Machine Learning with Graphs : 3 Node Embeddings

Machine Learning with Graphs : 3 Node Embeddings

1. Overview

Graph Representation Learning alleviates the need to do feature engineering every single time.

  • Representation Learning: Automatically learn the features

Goal: Efficient task-independent feature learning for machine learning with graphs!

Task: Map nodes into an embedding space

  • Similarity of embeddings between nodes indicates their similarity in the network. For example:

    • Both nodes are close to each other (connected by an edge)
  • Encode network information

  • Potentially used for many downstream predictions

2. Encoder and Decoder

Assumptions:

  • \(G\) : a graph

  • \(V\) : vertex set

  • \(\mathbf{A}\) : adjacency matrix (assume binary)

  • For simplicity: No node features or extra information is used

2.1 Embedding Nodes

Goal is to encode nodes so that similarity in the embedding space (e.g., dot product) approximates similarity in the graph, i.e.:

\[\text{similarity}(u,v) \approx \boldsymbol{z}_u^{\top} \boldsymbol{z}_v \]

  • where \(\text{similarity}(u,v)\) is a function measuring the similarity between node \(u\) and \(v\) in the original network.

  • \(\text{ENC}(u) = \boldsymbol{z}_u, \forall u \in V\) and \(\text{ENC}(u)\) is an encoding function;

2.1.1 Learning Node Embeddings

  • Encoder maps from nodes to embeddings

  • Define a node similarity function (i.e., a measure of similarity in the original network)

  • Decoder \(\text{DEC}\) maps from embeddings to the similarity score

  • Optimize the parameters of the encoder so that:

    \[\text{similarity}(u,v) \approx \boldsymbol{z}_u^{\top} \boldsymbol{z}_v \]

2.1.2 Two Key Components

Encoder : maps each node to a low-dimensional vector

\[\text{ENC}(v) = \boldsymbol{z}_v \]

  • where: \(v\) is the node in the input graph

  • \(\boldsymbol{z}_v\) is a \(d\)-dimensional embedding

Similarity function : specifies how the relationships in vector space map to the relationships in the original network

\[\text{similarity}(u,v) \approx \boldsymbol{z}_u^{\top} \boldsymbol{z}_v \]

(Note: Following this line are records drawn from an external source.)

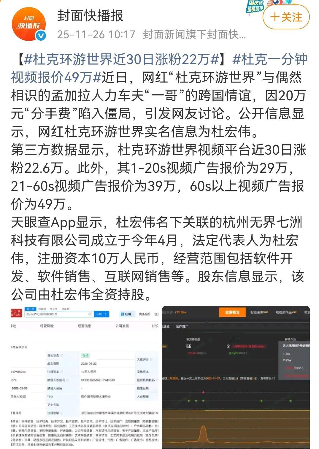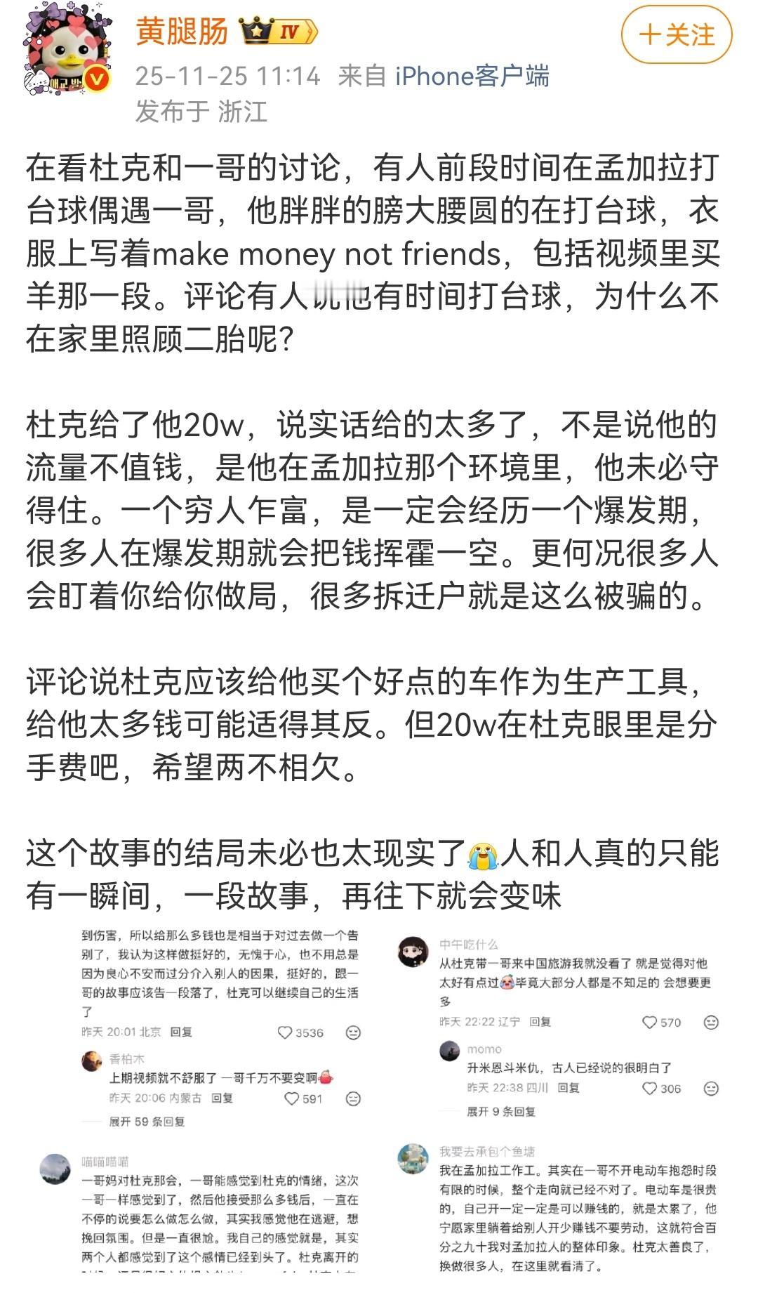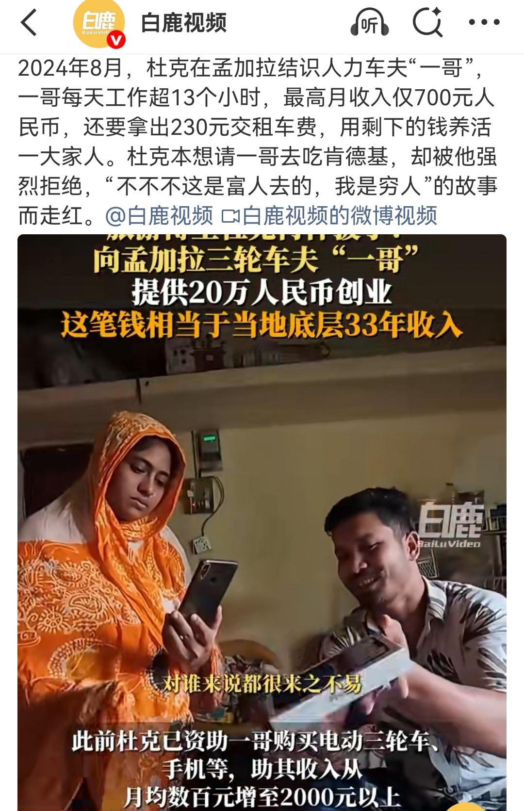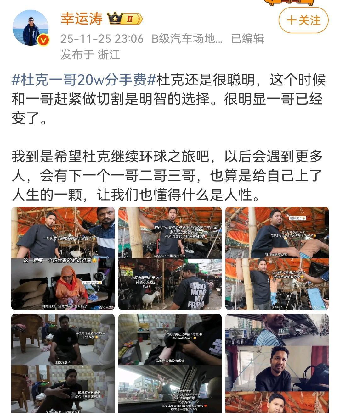 相识于微末,分别于高光。 (如图所示)去年一个环球旅游小博主“杜克”在孟加拉旅游,偶然结识了一个当地的三轮车夫“一哥”,他们之间充满友情的异国故事曾经让无数网友泪颜,但人性终归经不住考验。杜克已经成为大网红、大博主,一哥的生活也已天翻地覆。相识于微末,分别于高光,这才是人性,这才是生活。
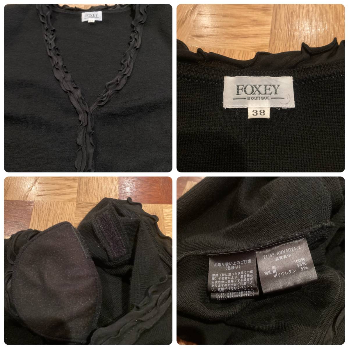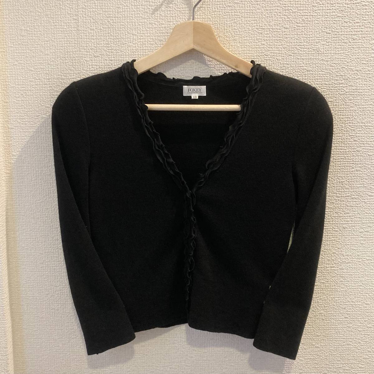 フォクシー フリル調シルク使い切替ニットカーディガンジャケット黒38
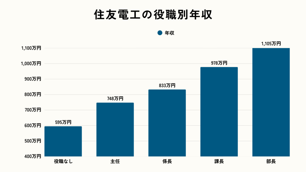 住友電工は、年次・役職・専門性に応じて年収が段階的に上昇する給与体系が特徴です。若手のうちから安定した昇給が続き、主任クラスで800万円台、課長クラスでは1,000万円超が現実的な水準となっています。役職が上がるほど責任は増しますが、それに見合った報酬が用意されている点は大きな魅力です。
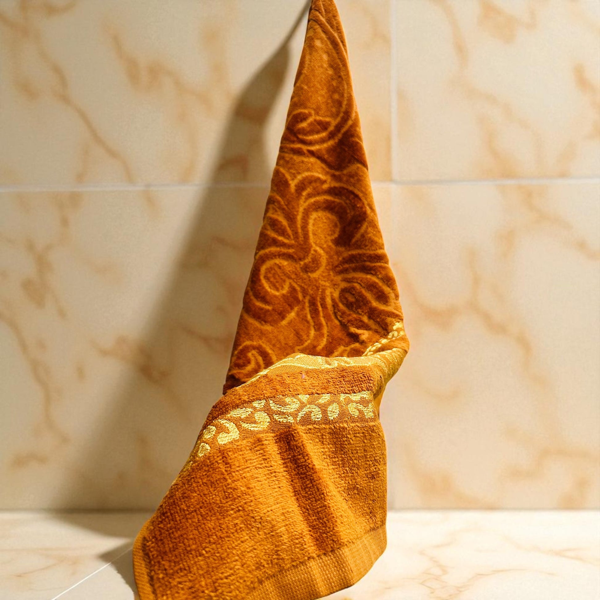 Its gentle peach hue and delicate golden detailing evoke a sense of calm and refinement, while the textured folds add visual depth to your space. Whether hung with grace or folded with intention, Havenloom brings a touch of artistry to your bathroom sanctuary.
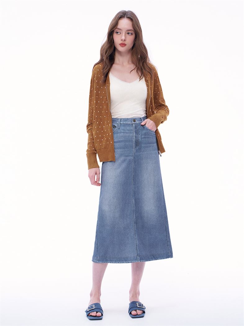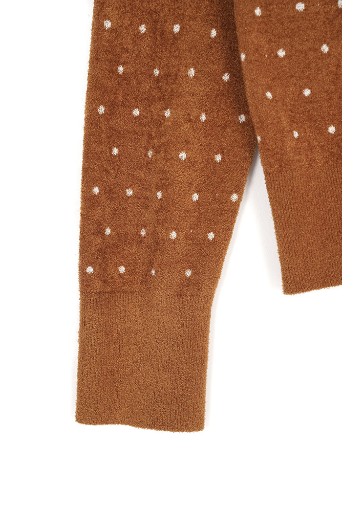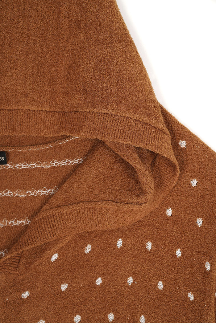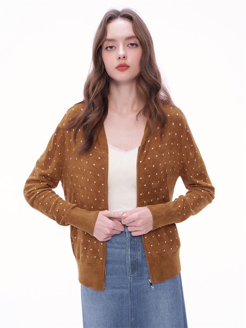 - 滿版異材質撞色編織波卡圓點,增添服飾層次

  • where: \(\text{similarity}(u,v)\) represents similarity of \(u\) and \(v\) in the original network.

  • \(\boldsymbol{z}_u^{\top} \boldsymbol{z}_v\) is the dot product between node embeddings

2.2 "Shallow" Encoding

Simplest encoding approach: Encoder is just an embedding-lookup

\[\text{ENC}(v) = \boldsymbol{z}_v = \mathbf{Z} \cdot \boldsymbol{v} \]

  • where \(\mathbf{Z} \in \mathbf{R}^{d \times |V|}\) is amatrix, each column is a node embedding (what we learn / optimize)

  • \(\boldsymbol{v} \in \mathbb{I} ^{|V|}\) is a indicator vector, all zeroes except a one in column indicating node \(v\)

Each node is assigned a unique embedding vector (i.e., we directly optimize the embedding of each node)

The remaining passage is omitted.